Minister for Intellectual Property says UK leads the world in IP protection, but there’s always more to do
The UK government will continue to take a hard line on intellectual property (IP) theft, Lord Younger said yesterday, arguing that IP rights are needed to support technological innovation as the cornerstone of the economic recovery.
Lord Younger, minister for Intellectual Property (IP), promised new tools and education to fight IP infringement, speaking at the Houses of Parliament, at an event sponsored by the Federation Against Software Theft (FAST).
“A key priority for the Government is the effective enforcement of IP rights,” Lord Younger said. “I’m delighted that the UK Government is doing more than ever before across the whole range of issues that affect IP rights, ensuring IP crime is tackled, IP rights are enforceable, and disputes are managed and resolved more efficiently.”
“Education is key,” added Mike Weatherley MP, adviser to the Prime Minister for IP and former European VP for the Motion Picture Licensing Company. “Education must be one of the main priorities and this means educating the public at large; stealing digital intellectual property is the same as stealing physical property. Our country’s economic growth depends on IP. This should be underpinned by fair and reasonable IP law where legislation and enforcement meet to foster growth, protect and deter”.
According to the minister, the Intellectual Property Office currently has three aims: the first is to raise awareness of the value of IP in business. The second is to find ways to communicate the importance of IP for the future of the country. The third is to build IP markets and the information infrastructure that they require.

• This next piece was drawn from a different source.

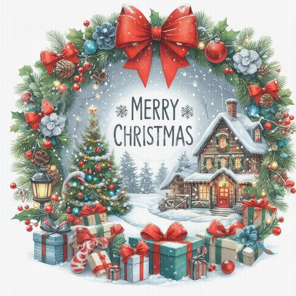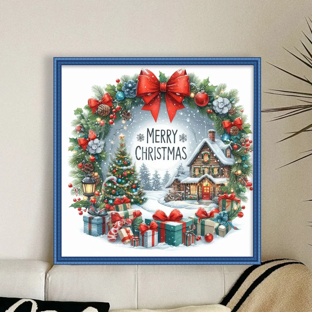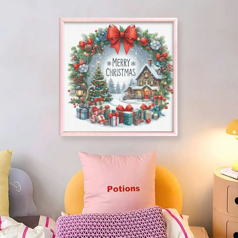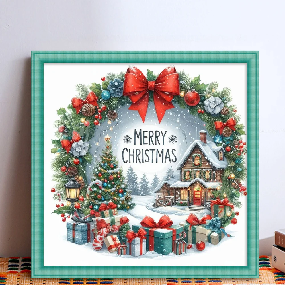 14CT Full Stamped Cross Stitch Kit - Christmas Cottage (40*40cm)

“Copyright, trademarks, designs and patents are crucial for innovation, investment and growth, with the UK software industry alone worth over £25 billion,” said Lord Younger.
However, he warned that the information economy was being held back by intellectual property crime – this includes production and sale of counterfeit goods, patent infringement and of course, software piracy. “We must continue to work together, including across country borders, to develop effective services and partnerships to help businesses and rightsholders protect their IP.”
Younger also hailed the success of the Police Intellectual Property Crime Unit (PIPCU), which he launched in September 2013. For example, last week, it emerged that the unit seized two shipping containers in Merseyside, full of counterfeit high-end products.
In eight months, PIPCU (which cost the taxpayer £2.5 million) has made around 18 arrests, mostly targeting people who facilitate “illegal broadcasts” of Premier League matches and sell counterfeit Windows DVDs. “There is evidence that successes such as these are acting as a deterrent for future crime,” said the minister.